We are seeking out funding sources to do more translations of the First Steps books and potentially another iteration of the storybook highlighting a different group. The current cost of the kit is very low ($20), as all of the printing and material costs were covered by the grant. We are extremely interested in doing this work long-term and finding ways to include university students in the experience. We are currently working towards establishing a non-profit publishing house that would continue to research and innovate designing materials to serve newly arriving refugees. Rogers Park is also home to Loyola University Chicago, where I teach design and will be teaching an Experiential Learning Graphic Design class in Fall 2010 that will integrate design and anthropology within the context of refugee resettlement.

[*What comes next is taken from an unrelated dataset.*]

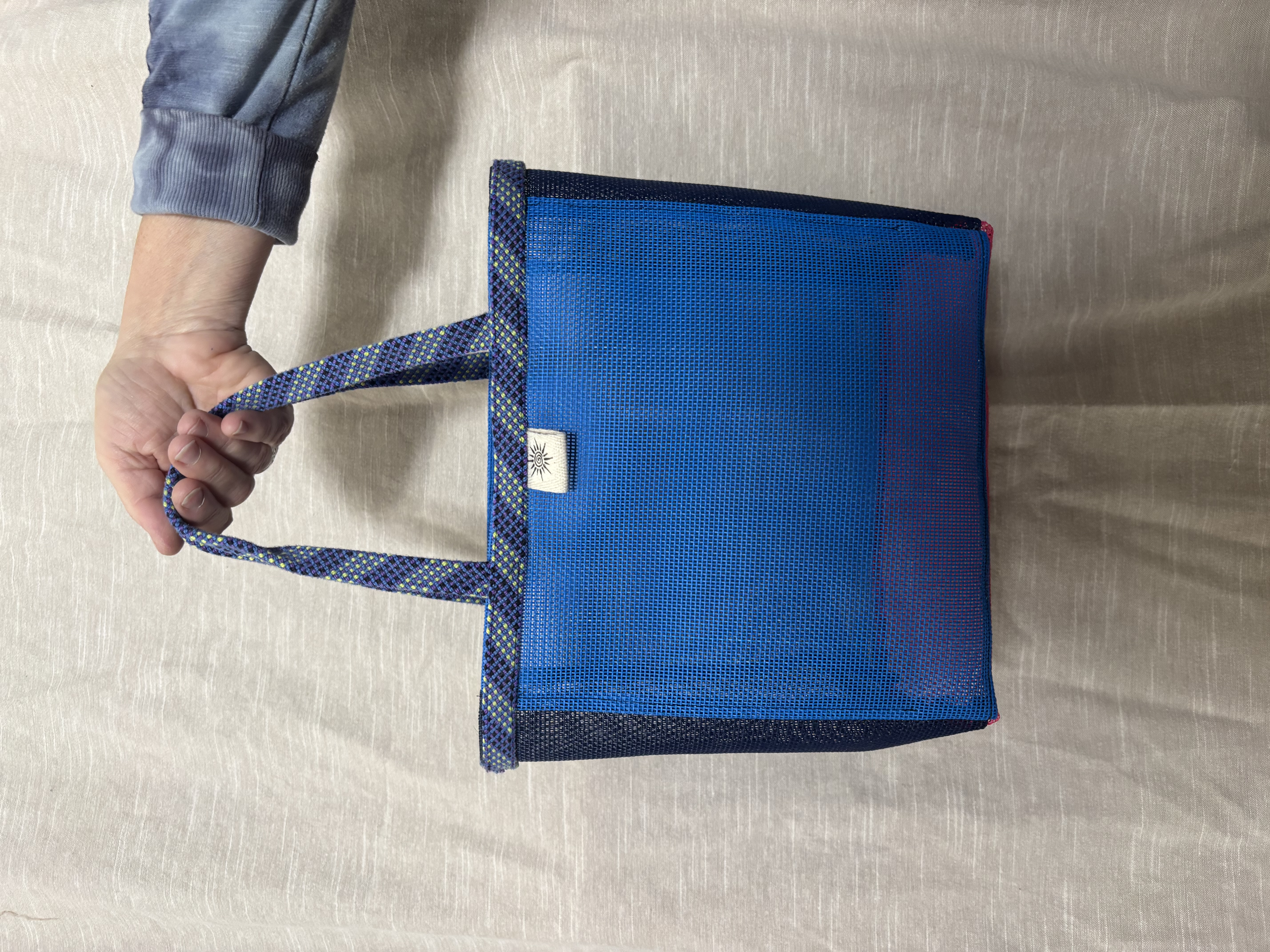 Main bag body: locally sourced upcycled river bag mesh

To find out more about our project and to order your copy of the First Steps Kit go to: Ah Mu Weaves a Story, By: Sara Gilliam | Illustrated By: Kate Cosgrove | Translated by: Poe Clee. To learn more and to order your copy:

Joyce Epolito is a design graduate of the University of Illinois at Chicago and Central Michigan University.

4 Responses to “Chicago Welcomes You: Designing For Refugees”

  1. tiny tron Says:

    What a wonderful resource for so many communities around the the country. There are beautiful, well written and well designed. I know it will change the world!

  2. jon steinmeier Says:

    i agree, this is such an amazing resource, and was created with such care. it’s a beautiful body of work. good job team.

  3. Stacie Budek Says:

    America is always about helping those of other countries in need. But it always seems that we are helping them in their countries, but what about when they need help in ours. There are people who complain about those living here who can’t speak English, well this kind of project is a way to help them learn. When we help someone, we have to go all the way otherwise there is no point. This project can help displaced refugees all over the world by giving them the chance to learn about the language and culture of the place they are going to be living in for awhile. Being a refugee is hard, this is just one way we can make their lives easier.

  4. Casey Canon Says:

    This project is a great idea to reach out to struggling refugees unfamiliar with our area. I think it was important to include factual based books as well as a story about the family, for having a story they can relate to and understand easily is a relief from trying to memorize pictures and unfamiliar letters/numbers. Donations and volunteers can really help this kit become even bigger and better. For diverse communities such as Rogers Park in Chicago, maybe if this reaches enough of the various people living in them, they will not only understand/learn about our culture, but also each other’s cultures as well.